Are football fans a tough crowd to please?

Those who love expect a lot and we want to give it all and to work day in and day out to offer ever more intense excitement. I believe our fans are appreciating this effort from a comms perspective.

How have you been able to manage football fans’ intense love of the sport, with the concerns and restrictions of Covid?

I believe the pandemic has forced many brands to invest in digital communication to be able to interact with their customers and clients. Football is a sport that can be best lived in a stadium, where only 60/70 thousand people can be present in person. However, we have over 500 million fans across the globe and we must be able to engage them as well to offer the excitement of football, of the game and of the AC Milan universe. Covid has accelerated the digital transformation and today we can call ourselves a media company, able to offer entertainment and high-quality content. Surely, empty stadia have detracted from the magic of football, but I believe we have been able to keep a strong connection with our fans.
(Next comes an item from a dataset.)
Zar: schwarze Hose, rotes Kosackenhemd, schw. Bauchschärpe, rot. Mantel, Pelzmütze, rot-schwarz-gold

Simone Biles put a spotlight on athletes’ mental health. Is that something football clubs and leagues are paying attention to?
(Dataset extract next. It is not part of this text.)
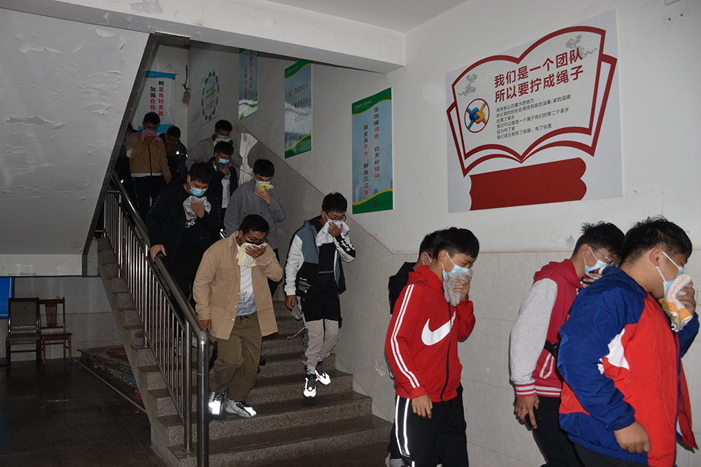 会后,安全保卫处与各书院联合开展了新生消防演练和逃生疏散演练活动,向新生详细介绍了灭火器的使用步骤及运用技巧,并现场演示了灭火器使用的操作流程。3900余名新生按照提前制定的演练方案分别从4栋学生公寓紧急疏散,迅速安全撤离公寓楼,进入预定疏散区域。从疏散到集合,用时不到5分钟。演练活动顺利结束,整个过程安全、规范、快速、有序。
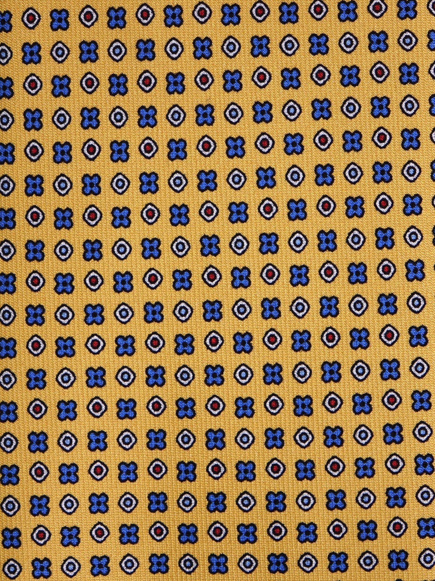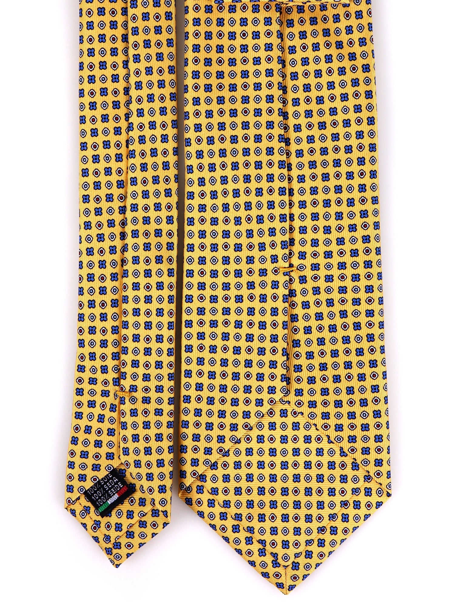 An investment in timeless elegance and status. This Don Mimì 3 folds tie, made of the finest 100% English printed silk, represents the absolute excellence of the tailoring tradition. The bright yellow background, finely decorated with a rigorous blue and red geometric pattern, gives a touch of class and authority to the wardrobe of the successful professional. The fluid, light, and breathable hand of the silk guarantees an impeccable knot, perfect for dominating the spring and summer season with prestige and formal perfection.

Unfortunately, we often think of athletes as invincible heroes and role models with no issues. However, they are all human beings, often very young or grown up fast, who have their own weaknesses. The mental aspect is fundamental, and it is something that must be looked after carefully, especially in a team environment. Our coach, Stefano Pioli, is particularly focused on this, with a professional preparation on this aspect. Unlike football, other sports explode during big events (such as the Olympics), which become the only important opportunity after years of training and sacrifices, where you cannot make mistakes. I believe Simon Biles’ story has contributed to making a big event, which can have its contradictions, more human.

What keeps pro soccer from enjoying the same kind of popularity in the US as it has in the rest of the world?

I would like to point out how women’s football is an important reality in the US, well known at an international level. We are also becoming accustomed to seeing more and more US players in men’s football playing in European teams. Other sports that are typically American, such as American football and baseball, are not as popular in Europe. We must respect traditions and the way fans consume sports, but it is also important to learn from best cases and experiences that can add value to both fronts. An example of this is the MLS, which has been able to increase the interest in football, at a business level and beyond.